● Your instructions: When you copy the listing, reproduce each line as it appears and omit every image.

● Data:
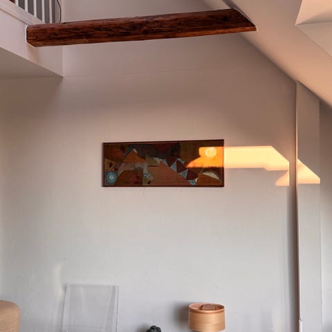 Abstrakt maleri med figurlignende motiver i grønne, gule, blå og røde nuancer. Maleriet er udført på lærred opspændt på træramme og indrammet i en enkel ramme. Bagsiden viser lærred og træramme med ophængssnor. Velegnet som vægdekoration i stue, kontor eller andre opholdsrum, hvor der ønskes et farverigt og udtryksfuldt kunstværk.
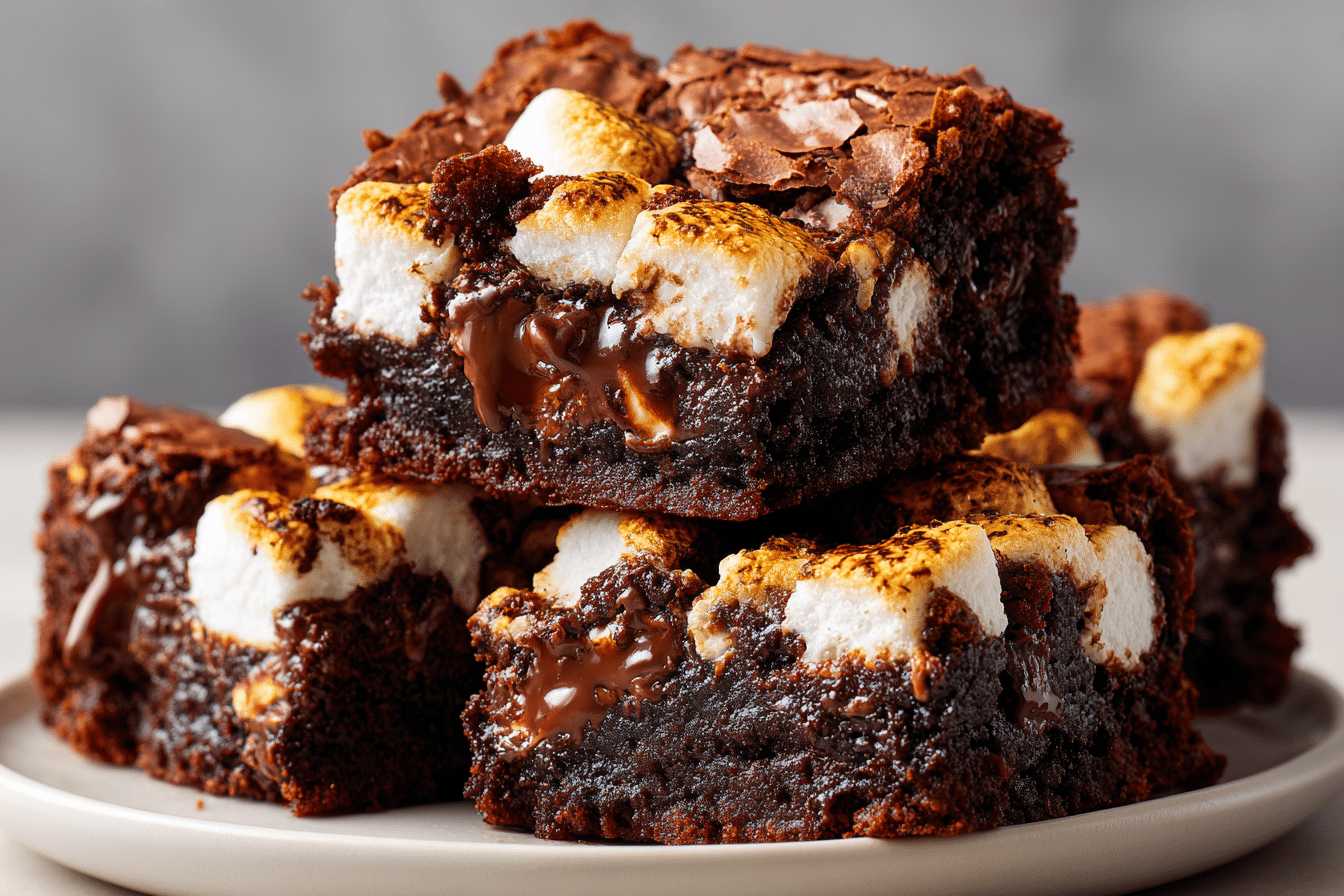 Super fudgy brownies with a gooey, melted marshmallow topping — rich, chewy, and perfect for cozy, nostalgic dessert cravings.
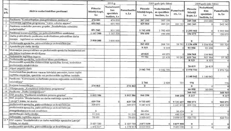 aktīvajiem nodarbinātības pasākumiem 2008., 2009. un 2010.
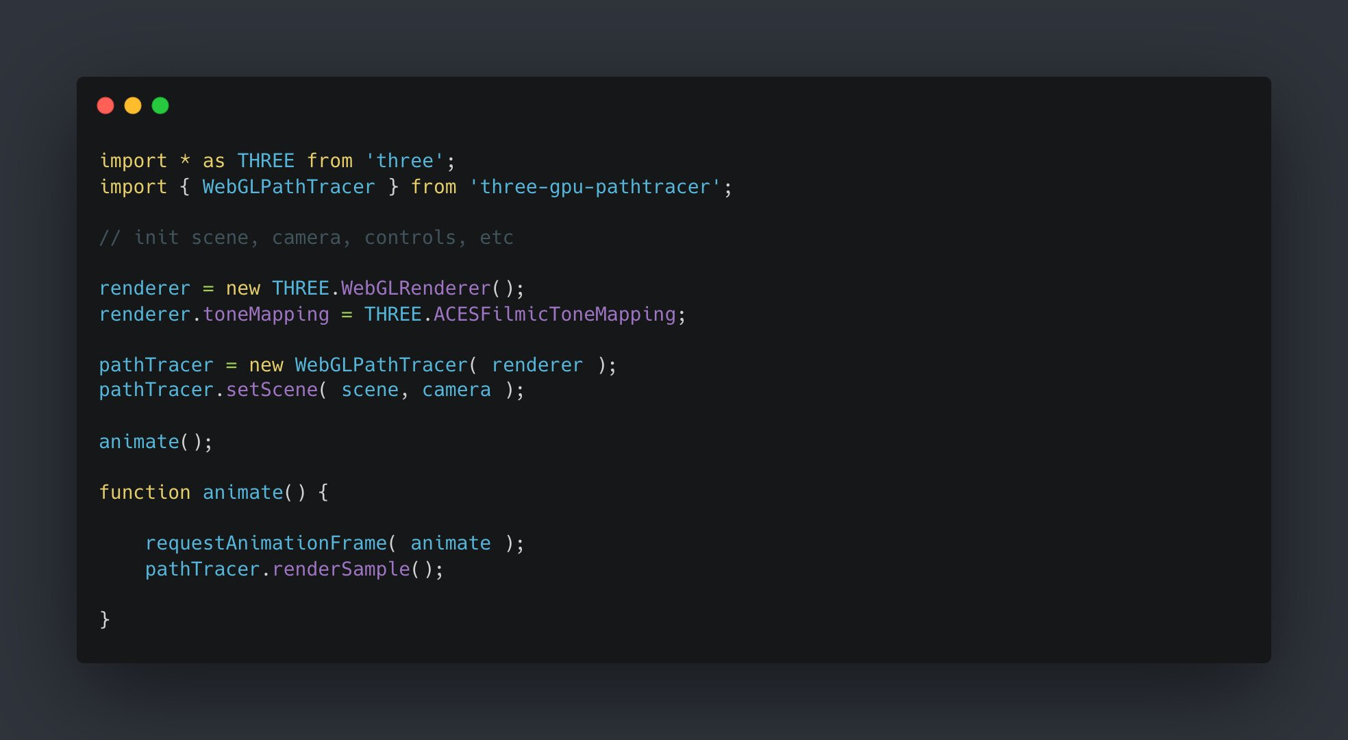 It’s been quite a bit of refactoring but v0.0.21 is out! This release is focused primarily on making the path tracer easier to use by wrapping the API and set up in a significantly more simple WebGLPathTracer API. Basic usage for setting up the path tracer has reduced significantly - a simple path tracing sphere example now takes less than 50 lines of code total.

● Finished task:
 Abstrakt maleri med figurlignende motiver i grønne, gule, blå og røde nuancer. Maleriet er udført på lærred opspændt på træramme og indrammet i en enkel ramme. Bagsiden viser lærred og træramme med ophængssnor. Velegnet som vægdekoration i stue, kontor eller andre opholdsrum, hvor der ønskes et farverigt og udtryksfuldt kunstværk.
 Super fudgy brownies with a gooey, melted marshmallow topping — rich, chewy, and perfect for cozy, nostalgic dessert cravings.
 aktīvajiem nodarbinātības pasākumiem 2008., 2009. un 2010.
 It’s been quite a bit of refactoring but v0.0.21 is out! This release is focused primarily on making the path tracer easier to use by wrapping the API and set up in a significantly more simple WebGLPathTracer API. Basic usage for setting up the path tracer has reduced significantly - a simple path tracing sphere example now takes less than 50 lines of code total.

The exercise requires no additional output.